Major commodities of export from India to Saudi Arabia include engineering goods, rice, petroleum products, chemicals, textiles, food products, ceramic tiles. Whereas, major commodities of import for India from Saudi Arabia are crude oil, LPG, fertilizers, chemicals, plastic and products thereof etc. Still there is a huge scope and potential for India to export in Saudi Arabia.
Apart from trade relations, the two countries have substantial investment interest in each other’s economy. Saudi Arabia is the 17th largest investor in India with investments amounting to USD 3.13 billion (March 2021). Major investments include PIF’s investments in Reliance Jio Platforms (USD1.5 billion to acquire a 2.32 per cent stake) and Reliance Retail Ventures Limited (USD1.3 billion to acquire a 2.04 per cent stake).
On the other hand, Indian investments in the Kingdom of Saudi Arabia have spiked in the recent years and have crossed USD 2 Billion. These investments are dispersed in diverse sectors such as management and consultancy services, construction projects, telecommunications, information technology, financial services and software development, pharmaceuticals, etc.
Major Indian companies and corporate groups such as L&T, Tata, Wipro, TCS, TCIL, Shapoorji & Pallonji, Air India, Go Air, Indigo, and Spice Jet etc have established a robust presence in Saudi Arabia. There is a vast scope of cooperation between the two countries in their respective spheres of comparative advantages and the spheres which enhance mutual benefits.
Saudi Arabia’s Cooperation with India may go a long way to help give momentum to its National Transformation Programme to reach the ultimate goals of Vision 2030 while the former could be a reliable partner for energy security of India and an important market for exports given a vast array of commodities and services that India could offer at competitive prices.
There is already a deep appreciation between the two countries about the huge potential for cooperation. During his visit to India in February 2019, Saudi Crown Prince had announced that the Kingdom would be investing USD 100 billion in India in diversified sectors such as energy, refining, petrochemicals, infrastructure, agriculture, minerals and mining, manufacturing, education and health in the forthcoming years.
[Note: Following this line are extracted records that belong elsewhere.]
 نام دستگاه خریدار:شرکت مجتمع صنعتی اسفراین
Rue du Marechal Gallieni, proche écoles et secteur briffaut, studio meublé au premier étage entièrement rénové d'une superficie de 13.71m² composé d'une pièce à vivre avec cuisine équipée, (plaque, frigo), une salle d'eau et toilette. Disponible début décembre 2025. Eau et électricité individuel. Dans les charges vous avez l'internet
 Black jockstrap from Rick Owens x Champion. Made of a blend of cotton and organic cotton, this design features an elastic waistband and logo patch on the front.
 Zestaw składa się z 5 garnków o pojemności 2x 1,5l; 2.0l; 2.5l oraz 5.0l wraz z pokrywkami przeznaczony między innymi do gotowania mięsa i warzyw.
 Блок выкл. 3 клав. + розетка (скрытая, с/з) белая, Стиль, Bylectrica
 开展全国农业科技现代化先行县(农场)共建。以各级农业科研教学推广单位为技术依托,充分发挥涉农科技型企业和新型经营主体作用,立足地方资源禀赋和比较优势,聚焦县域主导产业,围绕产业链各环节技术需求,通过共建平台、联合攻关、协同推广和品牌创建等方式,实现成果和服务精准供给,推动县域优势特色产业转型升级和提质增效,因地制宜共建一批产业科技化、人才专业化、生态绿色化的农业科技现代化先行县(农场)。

In this reference, Ministry of Finance signed an MoU with the Saudi Ministry of Energy, Industry and Mineral Resources in February 2019 to invest in India’s National Investment and Infrastructure Fund Limited (NIIF).
India could be a partner for Saudi Arabia in modernisation of its human resources in telecommunications and Information Technology services apart from agriculture and biotechnology. Technological education is another area where India could be a partner. All these areas of cooperation would go a long way in enhancing cooperation between the two countries and it would be a win-win situation.
Meanwhile, India is keenly pursuing a Free Trade Agreement (FTA) with the Gulf Cooperation Council (GCC), comprising six countries in the Gulf region – Saudi Arabia, UAE, Qatar, Kuwait, Oman and Bahrain.
The Framework Agreement of 2004 in this regard provided that both the parties shall consider ways and means for extending and liberalising the trade relations and also for initiating discussions on the feasibility of a FTA between them. Saudi Arabia as an important trade partner of India and an influential country in the region could help expediting the conclusion of the FTA with GCC.